The article has left me confused. Am I wrong in understanding that the Catholic Church continues to teach that missing Mass is a mortal sin?

Is this article suggesting that keeping the Sabbath holy can be done through quality family time, such as family attendance at a soccer game or other outing, rather than a family Mass time? Does the Church now give the parent the ability to choose an activity other than Mass and not have to go to confession? While I have no issue with the suggestion, I just want to be certain that I am not incorrectly instructing my religious-education students.

Marlene Ministeri

Upland, California

 

The editor responds: The article you cite looked at ways to keep the Sabbath holy in addition to attending the Sunday celebration of the Lord’s Day and his Eucharist, which the Catechism says "is at the heart of the Church’s life" (2177). Lord’s Day Mass attendance remains obligatory for Catholics. The Catechism states, "The precept of the Church specifies the law of the Lord more precisely: ‘On Sundays and other holy days of obligation, the faithful are bound to participate in the Mass’" (2180). As the article noted, "Faithful, practicing Catholics understand that it is their obligation to participate in corporate worship on Sundays (or Saturday evenings)."

 

When Does a Soul Depart?

In regard to the news that a Texas hospital ended a patient’s life support ("What Constitutes Extraordinary Care?" Jan. 26 issue) because of a legal order: To do so might present a future situation in which the Church will have to intervene theologically and even legally.

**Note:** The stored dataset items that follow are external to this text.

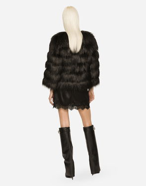 This cropped jacket from Area puts a playful spin on office attire. The classic Houndstooth checked pattern is offset by green faux fur trims that make a chic statement when paired with the matching minidress.
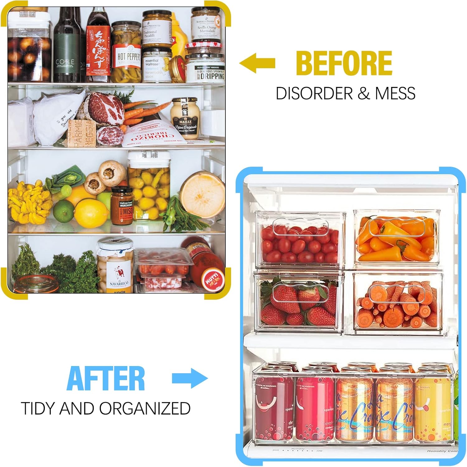 Built-in handles make it easy to pull out the fridge organisers stackable in order to reach items at the back of your refrigerator or carry the bins from the fridge to the counter.
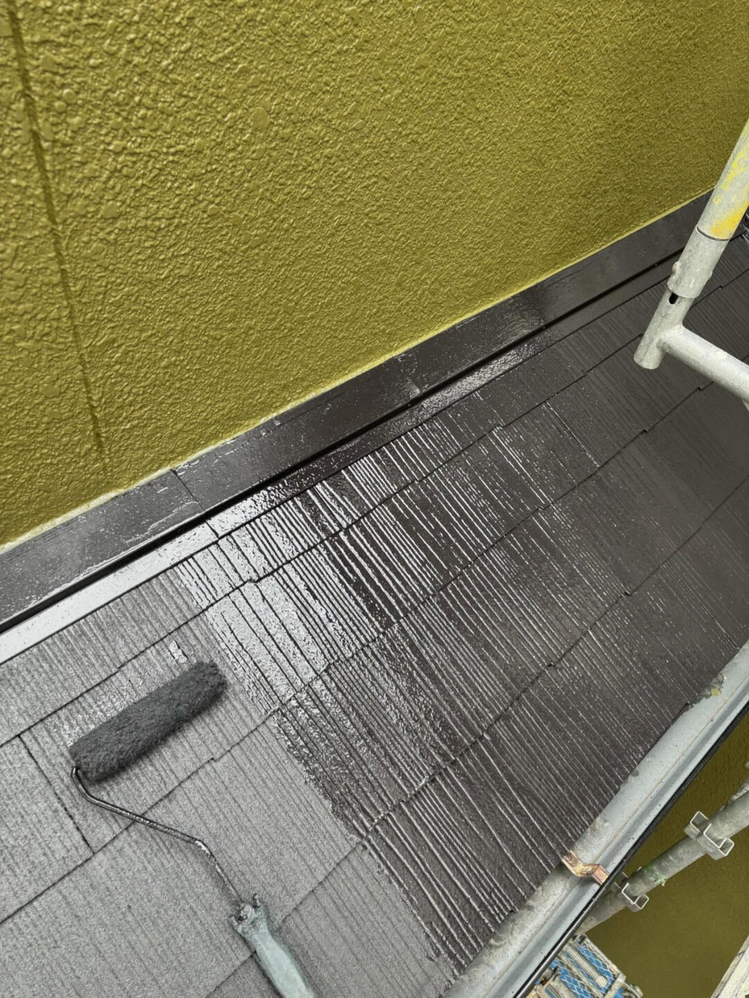 施工中の屋根塗装では、クールタイトを使用した上塗り作業が進行中です。クールタイトは、その優れた耐久性と反射性により、屋根の温度を効果的に下げることができる塗料です。このペイントは、夏の強い日差しから建物を守り、室内温度の上昇を抑えることでエネルギーの効率的な使用をサポートします。
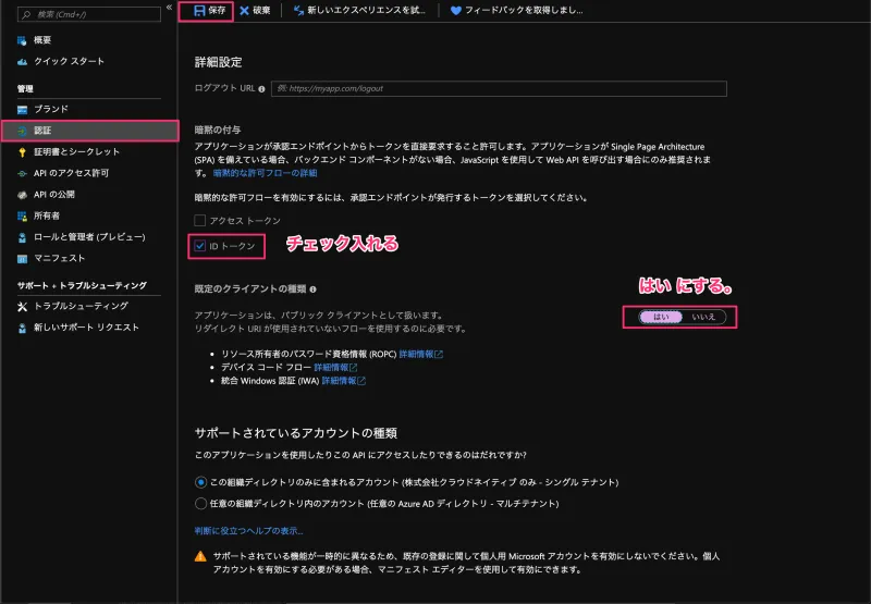 - [暗黙の付与] で [IDトークン] にチェックを入れます。
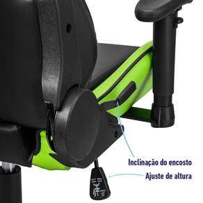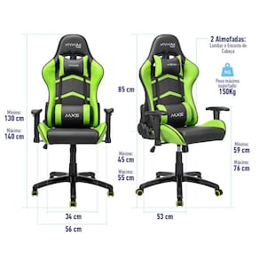 Características Marca: Mymax Nome produto: Cadeira Gamer MX5 Giratoria Preto/Verde Modelo: Cadeira Gamer MX5 Cor: Preto/Verde Revestimento: Estofamento em tecido sintético PU Estrutura: Metálica Superfície de Apoio: Espuma com densidade controlada - 35 Assento / 22 Encosto Peso Máximo Suportado: 150kg Ajuste Altura: Sim - 10cm Encosto Regulável: Sim - Permite inclinação de até 180° Função Balanço: Sim - Função de balanço permite inclinar o assento em até 12° Gás: Classe 3 - 100mm Diâmetro Pés: 70cm Rodas: 50mm Braços: Regulagem 2D (direita/esquerda e altura) Almofadas: Almofadas para apoio lombar e de pescoço. Ambas com logo bordado Parafusos: 14 Altura do chão até apoio de braço: 59 - 76cm Altura do chão até assento: 45 - 55cm Altura do encosto: 85cm Largura do assento: Interna 34cm / Externa 53cm Profundidade interna do assento: 53cm EAN: 7898554984081 Informativo de Garantia: 12 meses de garantia (9 meses de garantia contratual junto ao fabricante + 3 meses referentes à garantia legal, nos termos do artigo 26, II, do Código de Defesa do Consumidor)
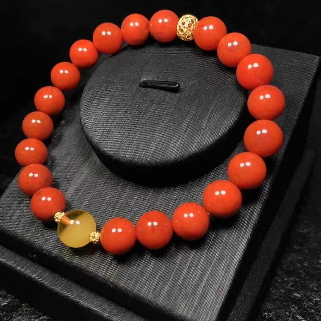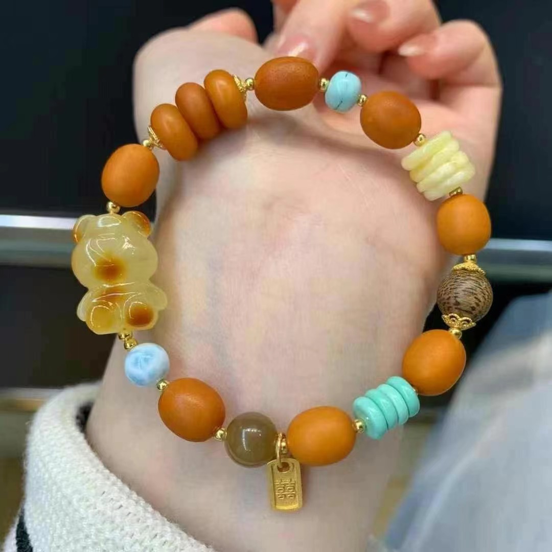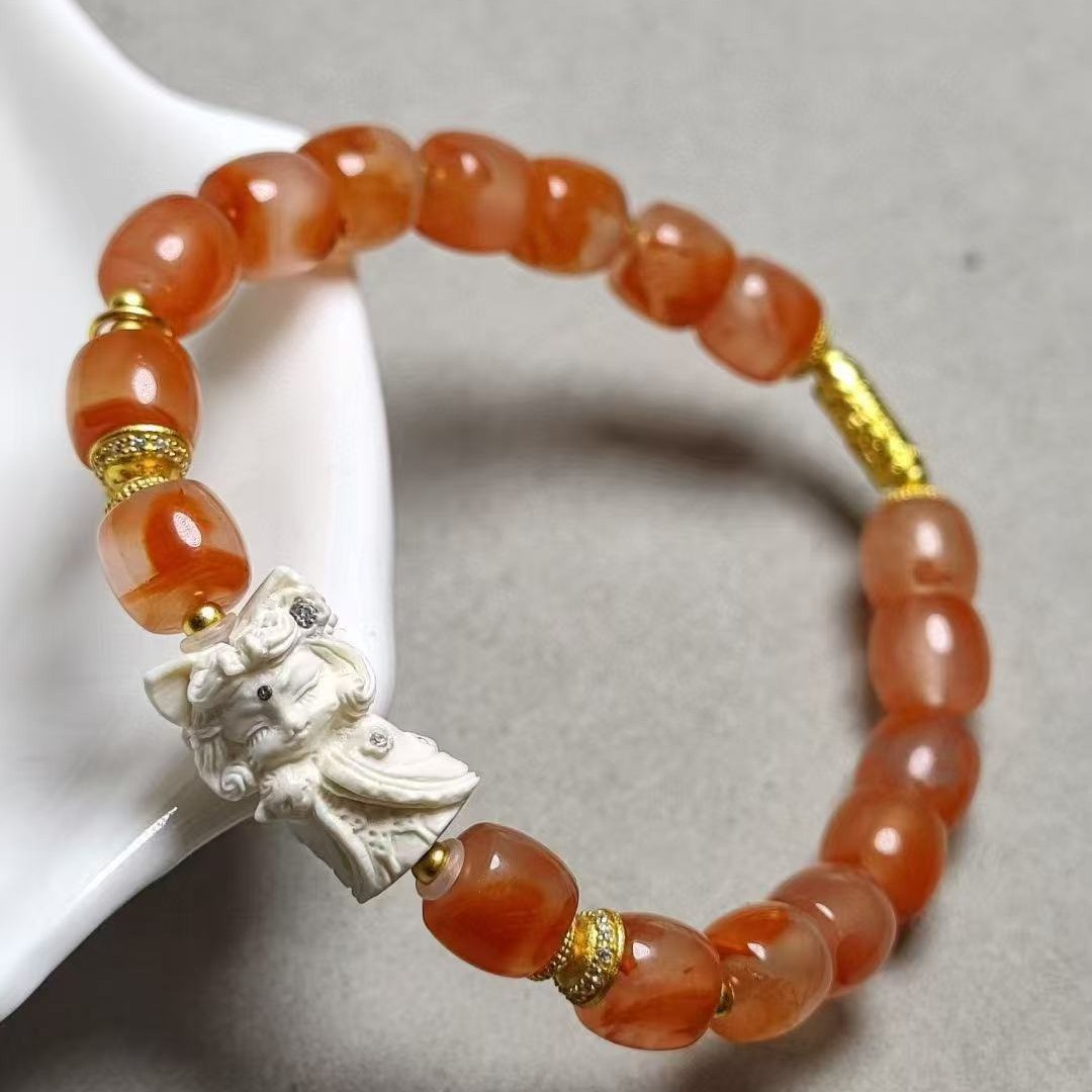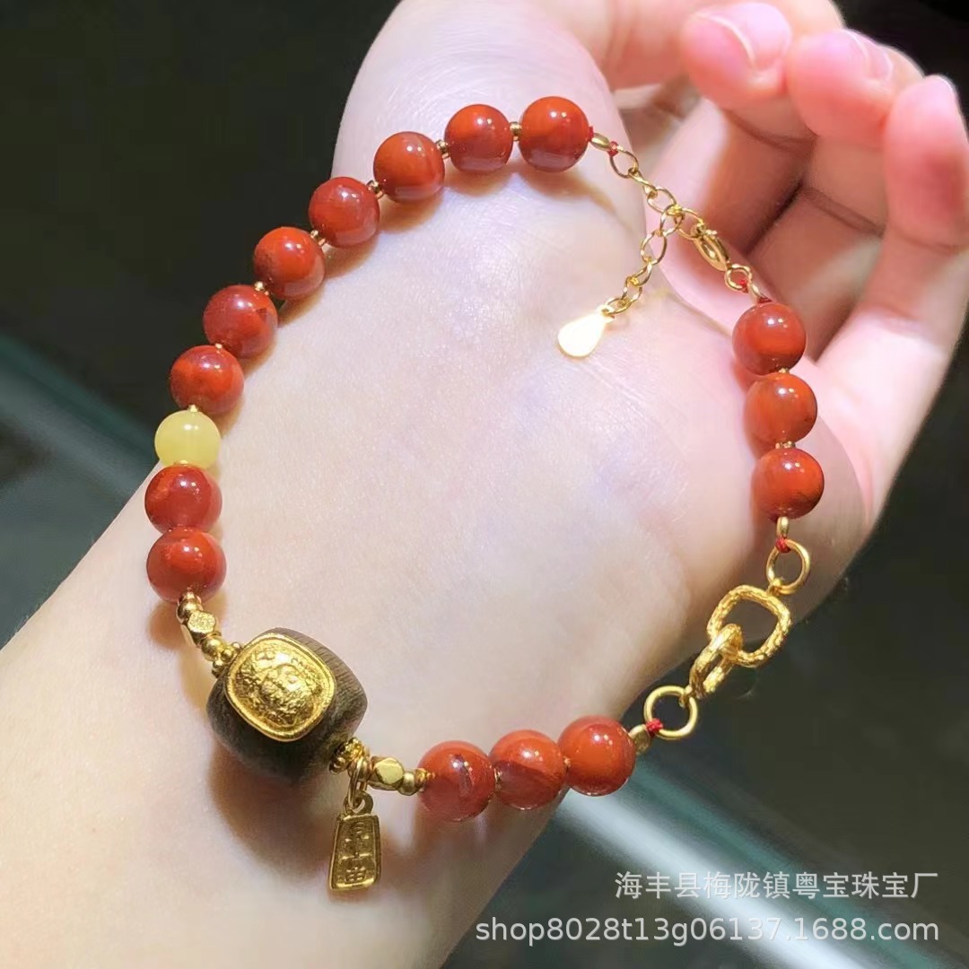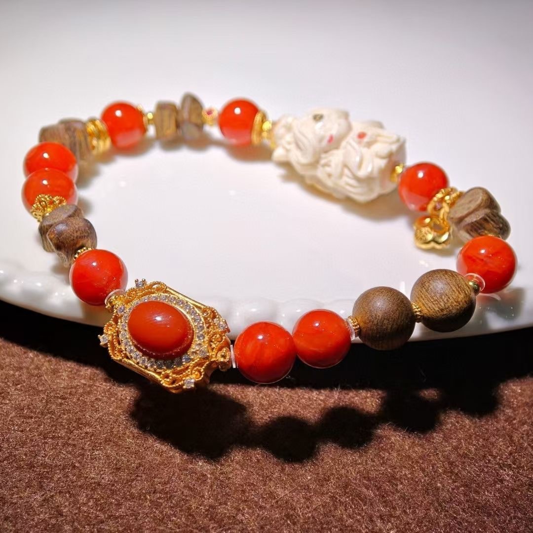 天然南紅ブレスレット、天然マンモス歯、シルバー、古代金、西南紅沈香ブレスレット

Though the woman was medically considered "brain-dead," she was also pregnant with a child reported to have problems. If a person ("persons," in the case of a pregnant woman) kept alive on artificial life support would die without life support, does that person die immediately after the support is removed? Or will he or she be not breathing and already deceased?

In either situation, I would like to ask: At what point does the soul leave the body, making that body "officially" dead by Divine decision to call the soul to personal judgment? And in the situation of a pregnant woman, can the baby, if alive, be baptized while still in the womb?

Richard Mackin Jr.

Millinocket, Maine

 

The editor responds: According to Colin Donovan, vice president of theology at EWTN, the soul leaves the body (metaphysical death) at a time that no human being can exactly determine, although it has certainly set in when the clearest clinical signs of death (loss of warmth and rigor) have set in. Until that time, the pastoral practice of the Church allows some sacraments, such as baptism, to be given conditionally (e.g., to someone who had manifested the desire for baptism, "If you are present, I baptize you in the Name, etc.").

Other clinical signs of death, such as complete cardiovascular failure or loss of all brain activity, while they represent the end of biological functioning (death), do not necessarily indicate metaphysical death, though they usually precede it. Medicine has already found ways to reverse them in some cases, or they sometimes spontaneously reverse. The Church allows us in most cases to act on a moral certainty of death without requiring the absolute certainty of metaphysical death.

Baptism in the womb is not possible, as baptism requires that the water used to baptize flow over the baptized.